We can see clearly that Dmitry has Contribute permissions to the team site through a group called Developers. This is still difficult to work out or double check since you cannot see Dmitry is a member of the Developers domain group without checking Active Directory.
NOTE: This is a problem that is resolved using our DeliverPoint Permissions Management tool which can be seen below:
Figure 19 – Using DeliverPoint to check Permissions you can see the correct permission reporting and enumerate Active Directory groups.
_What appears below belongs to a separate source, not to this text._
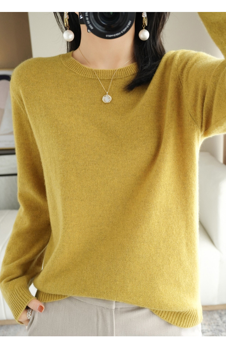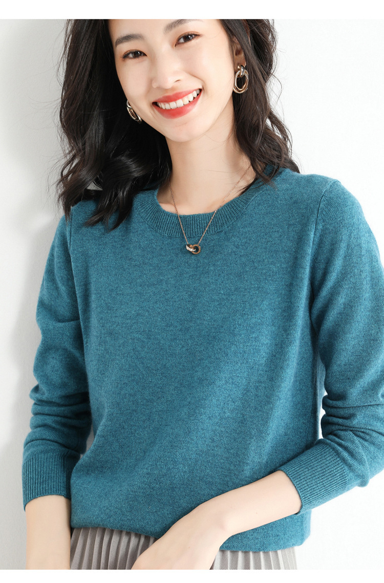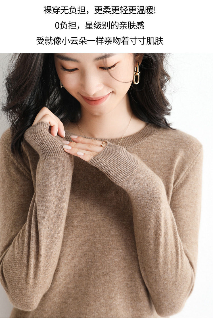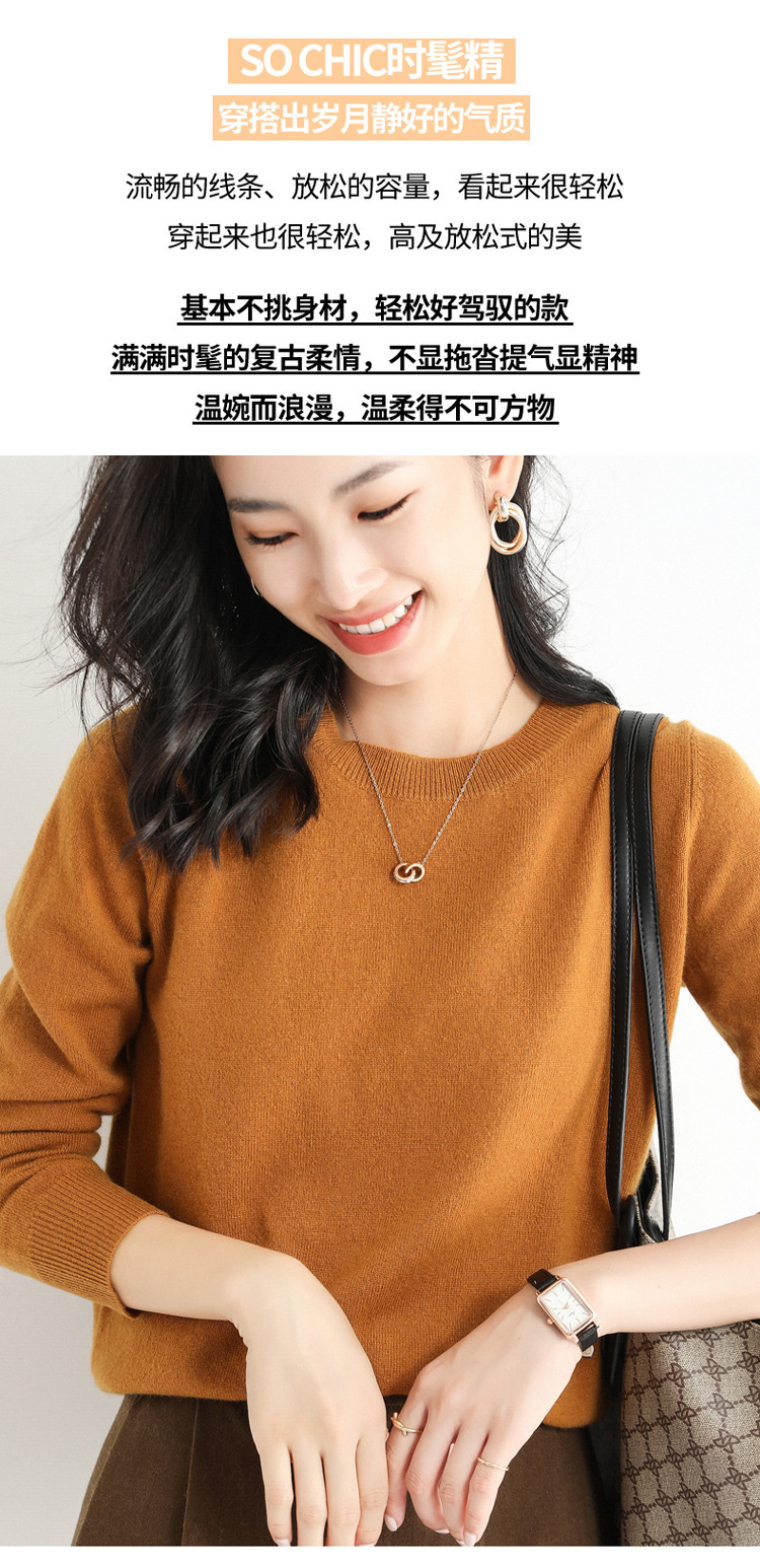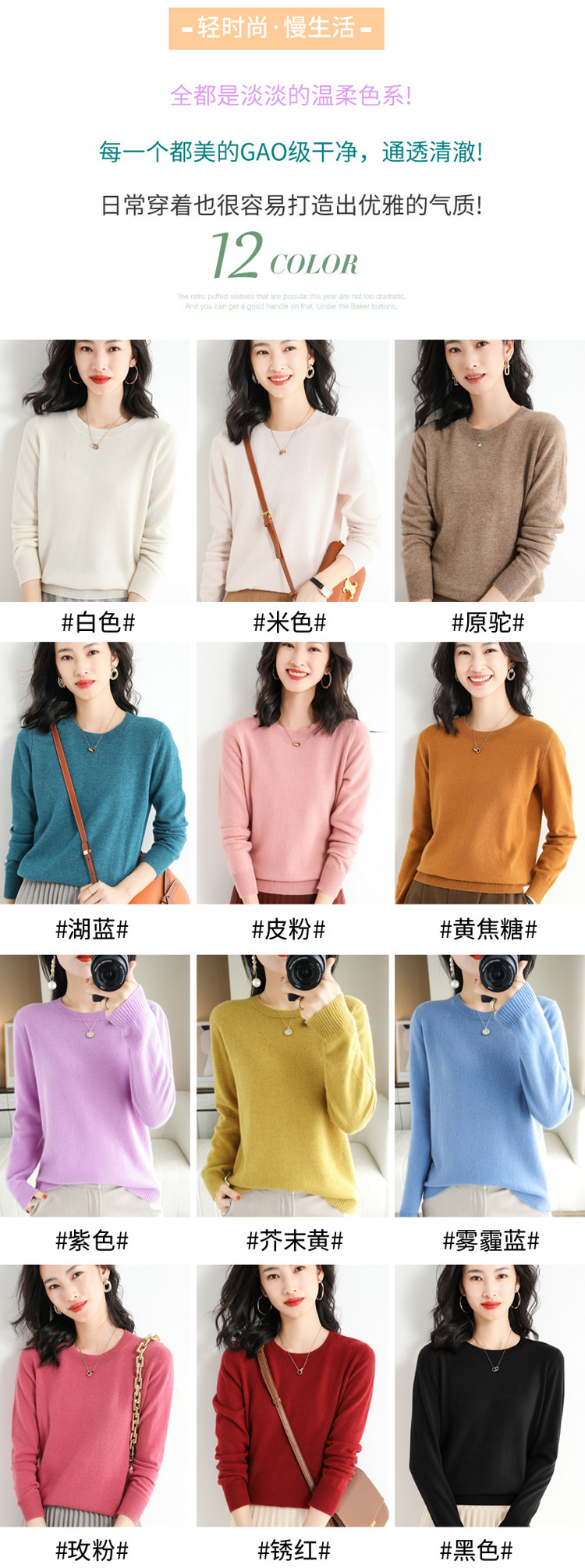 【特价清仓】秋冬季圆领针织女宽松大码长袖百搭纯色套头毛衣内搭薄款打底衫
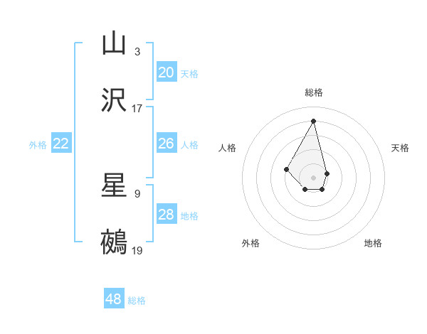 山沢 星鵺さんの総格は48画の4点!

As already mentioned at the start of this article. Almost every object in SharePoint can inherit or have unique permissions. The default when you create a new subsite is for the site to inherit permissions from the parent subsite. All of the Lists and Libraries within that site will also inherit permissions from their parent which would be the site itself. Likewise as you begin to create folders, list items and documents, they will also inherit permissions from their parent container. Nested folders will also inherit permissions from the folder that contains it. Permissions can be broken at any level. When you break the permission inheritance, a copy is made of the permissions from the parent but can now be changed. Therefore you can grant new permissions without affecting the parent. A common mistake is to think that the groups are now independent. If you add a user to a group within an object that has broken permission inheritance, the object will be affected as the new user will gain permissions to it, but the scope of the group will be defined at a higher level and therefore the user will also receive permissions to other object that have permissions granted to that group.
To break permission inheritance within a site:
1. Choose Site Settings, Site Permissions
2. Click the Stop Inheriting Permissions button on the Permission Tools ribbon.
Figure 20 – Breaking permission inheritance at Site Level.
3. The button will toggle allowing you to re-inherit permissions.
To break permissions within a Library or List:
1. Navigate to the List or Library
2. Click List under List Tools
3. Click the List Permissions button on the ribbon
4. Click Stop inheriting Permissions.
To break permissions within a list item or folder:
1. Navigate to the list or library containing the list item or folder.
2. Hover the mouse over the Title of the list item/document or folder.
3. Click Stop Inheriting Permissions.
Understanding where you have inherited or broken permission inheritance is difficult without a third party tool such as DeliverPoint.